Cooking up a healthy lifestyle for Britain's jockeys at York
David Carr heads to the Knavesmire to get the lowdown on the drive to improve jockeys' nutrition and diet...
Don't drink your calories – that's not a slogan you ever expect to hear at York racecourse.
This is the home of the John Smith's Cup, the place where a couple of oceans of ale and Prosecco are thrown down 30,000 mouths on a summer Saturday.
And there's plenty more lubrication here in the winter, when countless turkey dinners are enjoyed in the boozy build-up to Christmas.
Turkey is on the agenda again today but it's alongside high protein yoghurt and low fat mozzarella balls in a planned revamp of the most important menu of all.
For the racecourse catering that really makes a difference is the provision for the jockeys, the stars of the show, the athletes.
Or is that the word? Apparently half the people in the industry do not see jockeys as athletes, including plenty of riders themselves.
That's one of the many surprising findings that Dan Martin, a performance nutritionist with the Professional Jockeys Association and Injured Jockeys Fund delivers in the Parade Ring restaurant.
He has spent 18 months at Liverpool John Moores University looking into the perceptions and practices of jockeys' nutrition and weight-management – and the BHA-funded research produced worrying results.
Jockeys need to manage their weight even more than boxers or mixed martial artists as they ride every day. Yet, in an era when you can watch a race on a mobile phone, the most common methods are still reminiscent of the 18th century – starvation and dehydration.
The consequent calcium loss has a horrifying effect and 85 per cent of jockeys tested were found to have negative bone health –teenagers can have the bones of a middle-aged, sedentary man.
"It seems insane that jockeys should race at 35mph, jumping hurdles and fences with weak bones," says Martin.
Tests at John Moores also found that sweating to lose just two per cent of body weight reduces a jockey's upper body strength by 14 per cent and harms reaction time and decision-making.
There is another way
"But you don't have to do it that way," stresses Martin, addressing an invited audience of racecourse officials and caterers – who have a key role to play.
Adopting a high protein, low-carbohydrate diet reduces weight safely, cutting body fat – of which the study found that jockeys may have 5lb or 6lb too much. That's what Martin, PJA nutrition team leader Julia Scott-Douglas and others are working towards.

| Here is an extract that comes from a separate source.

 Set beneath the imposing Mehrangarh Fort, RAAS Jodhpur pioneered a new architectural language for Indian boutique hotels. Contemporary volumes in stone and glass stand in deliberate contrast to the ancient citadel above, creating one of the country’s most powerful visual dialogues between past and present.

However the best of intentions are no use if the weighing-room canteen resembles a greasy spoon. And the riders involved in Martin's research did not hold back in their opinions of what they were sometimes offered on course – "you wouldn't feed some of that s*** to your dog," was one response.

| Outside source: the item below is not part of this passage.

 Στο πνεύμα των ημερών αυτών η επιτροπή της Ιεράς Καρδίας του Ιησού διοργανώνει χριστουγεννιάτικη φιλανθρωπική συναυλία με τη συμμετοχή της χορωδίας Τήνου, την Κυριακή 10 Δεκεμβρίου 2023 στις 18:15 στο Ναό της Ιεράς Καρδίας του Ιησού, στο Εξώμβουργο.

Which is why Martin is here. This is part of an ongoing consultation process with courses, introducing them to the sort of catering that should be expected, high on protein like turkey, salmon or beef, with carbohydrates from sweet potato wedges or rice cakes.
Coffee, tea and sugar-free pop are among the alternative to drinking those calories, with gum a much healthier source of a caffeine kick than cans of Red Bull.
Presentation is also key, as anyone who remembers the gruesome-looking photographs of unappealing offerings that Cathy Gannon shared on social media the other year.
The idea is not to ban unhealthy food outright but, rather to offer a number of more desirable options and to put them on the left – that helps sell them, as research apparently shows that's the first place people look.
Advisory guidelines
Whatever the location, the samples certainly go down well when they are served to the guests, among whom PJA executive director Dale Gibson, who rode on the Flat for 24 years himself, particularly welcomes the initiative.
"We are trying to do away with bad practices," he says. "Bad food costs just as much as good food. The four or five racecourses lurking at the bottom of the list need to take the guidelines on board."
Those guidelines will be advisory when they are introduced in April, with a view to becoming a mandatory BHA general instruction 12 months later.
"I think in 2020 jockeys will look back on this and it will seem like when they banned smoking in the weighing room and introduced safety vests," says Martin.
"They will say, 'I can't believe they used to serve us fried food and chips'. That's my view anyway."